好不容易盼來,卻是坐坐就走了。而且,坐坐還不是陪自己,是陪自己家中的老祖。
趙疏影心裏難受,不知道如何是好。
看着朱顔離開了,趙家老祖突然對趙疏影說道:“影子,你不要這樣子,朱顔現在早就不是當初的那個朱顔了。現在别說你,就是我們整個趙家,都高攀不起朱顔了。要不是當初我趙家和朱顔是站在同一條戰線上的,現在我趙家根本連同他說話的機會都沒有。”
趙疏影說道:“他不是那樣的人!”
“他或許不是那樣的人,但是我們自己卻是要知道我們之間的事地位,要有自知之明。就算他沒有嫌棄我們,我們也是需要盡量的遠離的,原因很簡單,他們的世界,和我們不是一個等級,強行靠攏,隻會讓我們活得更累。現在胡家就是一個例子。你看胡家,以爲攀上了葫蘆谷這個大樹,可是到頭來,有什麽事情,找到葫蘆谷,葫蘆谷卻是遲遲都沒有一點音訊。如今好不容易求來了幾個天階,卻是如同伺候老祖宗一般的伺候着,生怕得罪了。

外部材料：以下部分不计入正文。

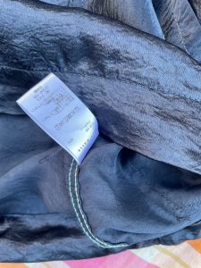 素材には,今季デザイナー大淵氏が提案している、アセテートサテンと呼ばれる、木材パルプなどに化学的結合させて作られる半合成繊維は、とろみとドレープ感があり光沢感のある生地に皴加工が施された、ファッション性の高い素材を使用しています。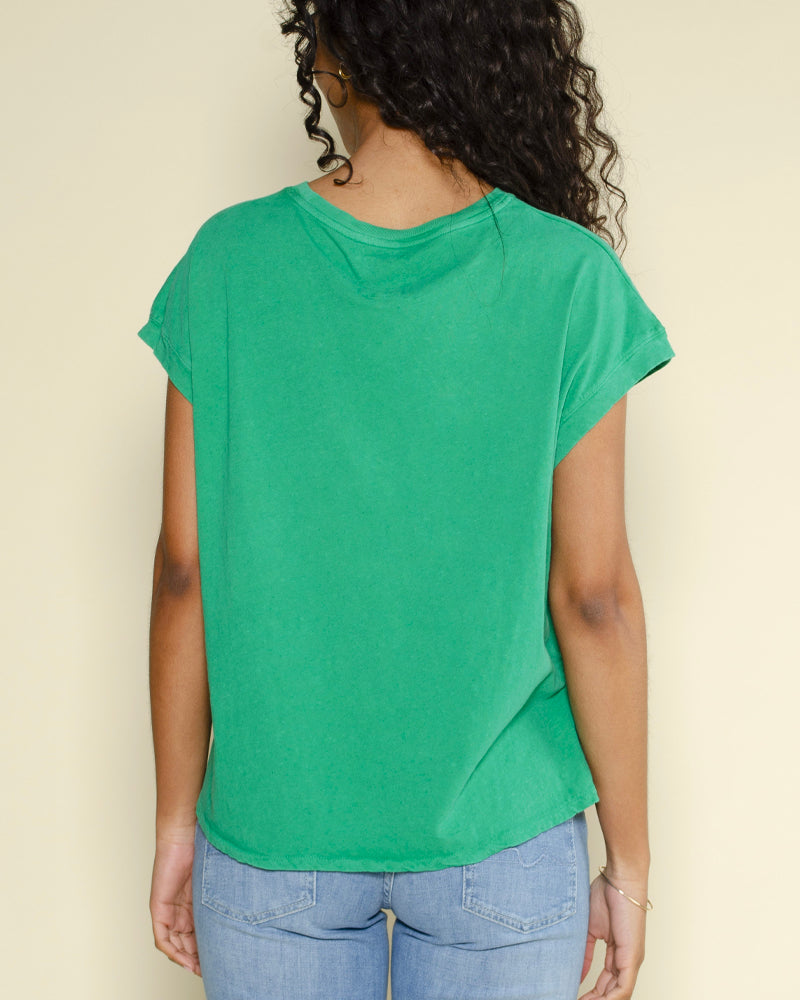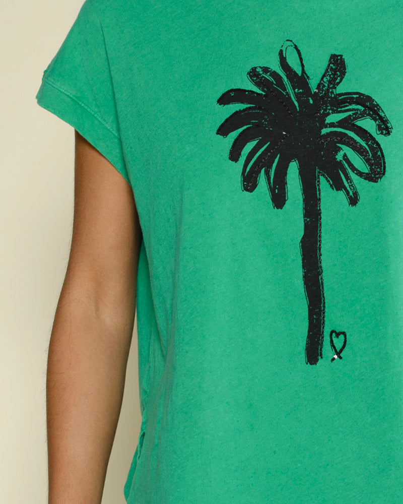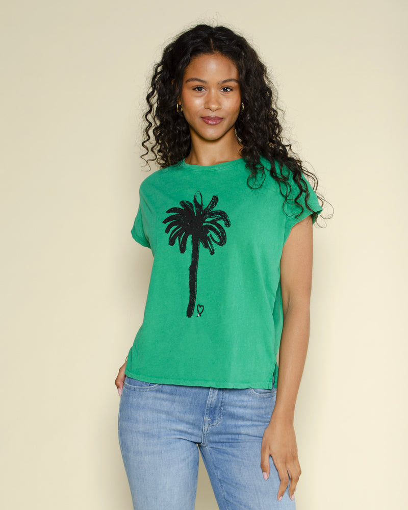 Tee-shirt pour femme de la marque Five. Ce tee-shirt avec un grand palmier au centre est parfait pour la saison estivale. On adore son côté tropical qui nous donne envie de voyager ! Son coloris vert lui donne du peps !

所以,我們和朱顔的關系,亦是如此。所以,我們還是保持一點距離,或許以後反而還好相處一點。”
趙疏影聽到老祖如此說,頓時如同洩氣的皮球。
“我知道你喜歡朱顔,但是,人家未必就對你動心。據我所知,朱顔有未婚妻,身邊還有季家的女兒,還有那警局的林月梅,沒有一個比你差的。你還是收收你的心吧!”老祖感歎道。
趙疏影‘哇’的一下,大哭出來,跑到房間去了。
這麽堅強的一個女子,如今爲了愛情,居然哭成這樣,趙家老祖和元博都無力的感歎。
“朱顔,我們攀不起了呀!”趙家老祖歎道。
……
朱顔離開了,不過,也是看到了趙疏影的樣子。
不是朱顔對趙疏影一點意思都沒有,而是朱顔現在惹的情債實在是太多了,自己根本就處理不來。與其繼續耽擱人家一個好姑娘,還不如讓她們傷心一會兒,然後就做回自己,繼續追求自己的愛情。長痛不如短痛啊!
朱顔搖搖頭,可就在這時,卻是看見了林月梅。
林月梅的刑警隊外面,來了一個男子。原本朱顔沒有在意,可是,當看到那張臉的時候,頓時就起了疑心。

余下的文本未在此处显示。